Red Flags to Watch For

Red Flag Risk Level What It Means
Cap applies to confidentiality breaches with no carve-out Critical NDA is essentially unenforceable for material breaches
Consequential damages excluded for all claims High May eliminate most practical recovery for disclosure
No carve-out for willful misconduct High Intentional breaches become financially viable
Cap significantly below information value High Provides no meaningful deterrent
One-sided limitation (only receiving party protected) Medium Unfair risk allocation in mutual exchange
"No exceptions" or "no carve-outs" language Critical Aggressive attempt to eliminate all recourse
Walk-Away Scenario

If the other party insists on a low liability cap that covers confidentiality breaches with no carve-outs, and refuses to negotiate, seriously consider whether to proceed. You would be signing a document that provides no meaningful protection for your confidential information.

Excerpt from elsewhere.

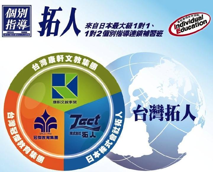 培育出『自己思考、自己決定、自己付諸行動。』的人才是拓人最終的教育目標。 重視每個學生都是獨立的個體,擁有獨立的特質與思考邏輯的特質,以夢想實現為前提,協助孩子們設定許多達成最終目標前的階段性目標,並協助其達成,促使其發掘自身潛能的學習,累積許多的成功經驗,增加自信心,在人生中面對各種考驗時皆能積極地去面對,以實現自我。 我們相信:有100個孩子的話,就會有100種不同的學習方式。拓人的個別指導教學針對各個不同的個性使用最適合的學習方法,使孩子的學力能真正的穩定,養成學習習慣,能自信面對升學、入學考試,在此方面獲得極高的評價,在日本從事個別指導的30年間,已擁有600多間的教室,為眾多的孩子們開拓了通往合格的道路。目前正式引進台灣,成立台灣拓人教育事業股份有限公司。結合了台灣康軒文教集團、冠傑教育集團及日本株式會社拓人三社資源,是台灣學子的一大福音。歡迎您一同加入台灣拓人的行列!

📚 Common Compromise Positions

When negotiations stall, consider these middle-ground approaches:

  • Tiered Caps: Lower cap for general claims, higher cap (or no cap) for confidentiality breaches
  • Super-Cap for Confidentiality: Accept a general cap but with a much higher limit specifically for confidentiality breaches (e.g., 3-5x the general cap)
  • Time-Limited Exclusion: Consequential damages recoverable only for breaches occurring during the first 12-24 months
  • Insurance Tie-In: Cap set equal to the other party's insurance coverage, ensuring collectibility
  • Per-Incident vs. Aggregate: Per-incident caps allow multiple recoveries for separate breaches
  • Willful Breach Multiplier: Accept a cap for negligent breaches but 3x multiplier for willful breaches
Sample Tiered Cap Language

"Each party's total liability for claims OTHER THAN claims for breach of confidentiality obligations shall not exceed $500,000. Each party's total liability for breach of confidentiality obligations shall not exceed $5,000,000. There shall be no limitation on liability for willful misconduct, fraud, or gross negligence."